Nedeni: Greyfurt suyu; bazı ilaçların vücutta yıkılmalarını sağlayan bir enzimin işlevini engelliyor. İlaçlar vücutta daha uzun süre kalınca sahip oldukları etki artıyor. Bunun sonucunda baş ağrısı, kalp ritim bozuklukları, yüksek tansiyon gelişebiliyor.
Antidepresanlar ile protein içeren besinler:
Bu kural, proteinden zengin tüm besinleri kapsamıyor. Sadece kuru fasulye, salam ve peynir gibi uzun süre işlem gören proteinli besinler sorun oluşturabiliyor.
Nedeni: Antidepresanların içinde yer alan monoaminoksidaz engelleyiciler, proteinden zengin gıdalarda bulunan tiramin adlı aminoasidin vücut tarafından yıkılmasını zorlaştırıyor. Bunun sonucunda da kan basıncı yükselebiliyor.
Ödem çözen ilaçlar ile meyan kökü:
Diüretik ilaç kullanırken, sağlığınızın olumsuz etkilenmemesi için, tedavisi süresince, içeriğinde meyan kökü bulunan şekerlemelerden uzak durmanızda yarar var.

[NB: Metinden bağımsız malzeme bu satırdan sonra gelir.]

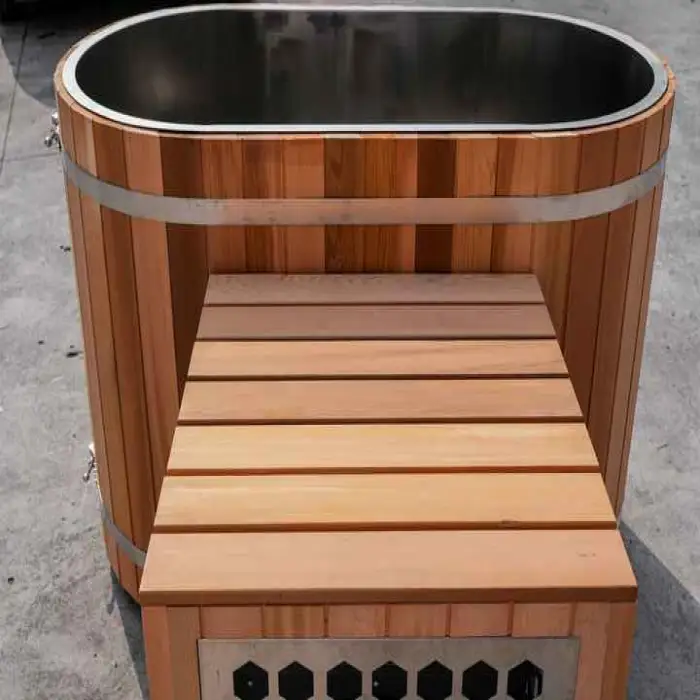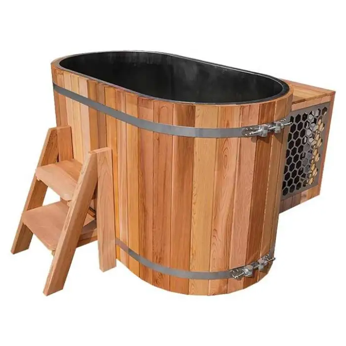The bathtub is made from high-quality cedar wood, known for its durability and natural resistance to moisture.

Nedeni: Meyan kökü ekstresi, diüretik ilaçlar gibi idrar miktarını artırıcı etkiye sahip. Fazla idrarla birlikte vücuttan atılan potasyum miktarı da artıyor. Hâlbuki sinir, kas ve kalp sisteminin sağlıklı işleyebilmesinde potasyum önemli bir rol oynuyor.

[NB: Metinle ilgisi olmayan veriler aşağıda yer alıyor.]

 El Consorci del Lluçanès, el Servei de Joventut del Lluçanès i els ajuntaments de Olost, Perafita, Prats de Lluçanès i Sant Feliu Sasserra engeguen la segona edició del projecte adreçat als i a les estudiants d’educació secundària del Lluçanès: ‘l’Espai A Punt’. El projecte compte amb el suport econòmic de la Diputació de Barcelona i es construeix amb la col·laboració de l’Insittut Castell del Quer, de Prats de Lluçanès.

Doğum kontrol hapları ile kılıç otu:
Her ne kadar uzmanlar bu konuda henüz fikir birliğine varmasalar da, yapılan pek çok araştırma, yüksek dozda alınan kılıç otu preparatlarının doğum kontrol haplarının etkilerini azalttığını gösteriyor.
Nedeni: Kılıç otu otu, doğum kontrol hapının karaciğerdeki yıkımını artırıcı etkiye sahip. Böylelikle hapın etken maddesi kana karışamıyor ve koruma etkisi de yarı yarıya azalıyor.
Ağrı kesiciler ile kepekli besinler:
Lifli besinler sağlığımız için çok önemli bir etkiye sahip olsalar da, ağrı kesicilerle birlikte alındıklarında bu ilaçların etkilerini azaltabiliyorlar.
Nedeni: Lifli maddeler, ağrı kesicilerin içindeki maddeleri kendilerine bağlayarak ince bağırsaktan emilimini yavaşlatıyor. Bunun sonucunda ağrı kesiciler ya çok az etki ediyor ya da hiç etki etmiyorlar.